Praveen,
I would suggest a look at the web pages for various column vendors. (like
http://www.restek.com/guide_gccolsel_sect2.asp or
http://www.sge.com/support/training/col ... tion-guide, for example.) Or, check the catalogs they send out. There are a couple of things to be gained: 1) They will often have a discussion of column chemistry, but more useful is: 2) Each vendor will have sample chromatograms run on various columns. For column selection, it is often helpful to look through chromatograms of similar mixtures and find a column that does the kind of separation that you want. This removes many theoretical assumptions - the separation is what you see.
Also, while a 50% phenyl column will have a strong pi-pi interatction, there will still be a boiling point component to the separation. There are no separations that are purely based on polarity, boiling point, induced dipole interactions or such.
If you are separating a series of known compounds from each other, careful analysis of these interactions can be used to compute the most optimal separation - and there is software available that will do this for you. If you are attempting to do an an analysis in a complex matrix, like a soil extract or a biological extract, the problem comes, not from the molecules you know about and want to find, but all those unknown compunds in the extract.
I have taught classes in the use of GC/MS systems and have been asked how to select a column - and my answer is one the column vendors do not like: My favorite column is the one already in the instrument. (Vendors like - and with good reason - to sell columns that are optimized to various applications.) Then I do not have to change it and the fellow who was using the instrument does not have to change back to continue his work. A large number of analytical separations will work on many columns. in GC/MS work, for instance, I have done most of my work over the past fifteen or twenty years with a methyl silicone or 5% phenyl methyl silicone column - not because of superior separation, but because of the lower bleed into the mass spectrometer, particularly if I need temperatures above 250 degrees C. Before I worked with GC/MS, I was quite happy to run everything on a carbowax column, unless I was forced away from it.

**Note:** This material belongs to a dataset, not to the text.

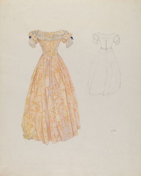 Curator: This drawing is called "Afternoon Dress," dating to around 1937. It's watercolor on paper. What are your initial thoughts? Editor: It has a certain delicacy. The pastel palette, the light fabric...there's a sense of restrained elegance that I associate with that era. And there's something interesting in that contrasting image beside the complete one: you can clearly distinguish the work in its stages. Curator: Absolutely. This piece, viewed through a feminist lens, reflects the performative aspects of femininity dictated by society at the time. Consider the restrictive silhouette, designed to enhance the waist and emphasize demureness. Editor: It’s interesting that you mention restriction. I see how the dress both defines and confines the female form through the materials, how those choices intersect with the labor involved in the design and, of course, eventual manufacturing, particularly considering how textiles impacted the workforce. Curator: Precisely. The creation of these garments was intrinsically tied to a gendered division of labor, impacting countless women, and also highlighting the complexities of labor rights and gender equity movements during the interwar period. Editor: And it's not only the finished garment that embodies labor. It's also the materials, the dye. The way the cotton breathes or fails to. Each carries its own legacy. Did Ray Price make more such design concepts available to the public? Curator: Ray Price created a substantial archive, allowing us today to contextualize this individual piece within the broader visual culture and evolving ideals of femininity in the early 20th century. Price was a commercial artist, so what social roles or statements might be being represented through this piece? Editor: It does suggest a very controlled aspiration, the garment appearing lightweight but it may prove fragile. Looking closer, there's a tension between art and utility. How it will appear when it gets released for mass consumption. Curator: Exactly. The power structures embedded in design, from production to consumption, speak volumes about societal expectations of gender. Editor: Seeing these subtle watercolor details allows me a deeper dive into materiality. Appreciate your insight. Curator: And the same to you; it’s enlightening to reconsider historical constructs that, in effect, are still being unpacked today.

There are columns with particular characteristics - and there a particular problems that are best solved with picking just the right column. And the best way to pick one of the specialized columns is by looking at the vendor's literature. Sometimes the cross linking or end capping technique used by a particular manufacturer seems to make just the right difference for a particular separation, even though the stationary phase may be polyethyleneglycol or 5% cyanopropyl or some other common stationary phase. And, the vendors do not give a lot of detals on some of these finer points - otherwise their competitors will know how to make and sell the same (or better) columns.
If your work is on the nature of column analyte interactions, I have wandered off into the unnecessary. On the other hand, if you are using chromatography as a tool for other research, spend only as much time on selecting a column as you need to get a robust separation. Look at sample chromatograms or pick up the telephone and talk with a technical specialist at your favorite column company.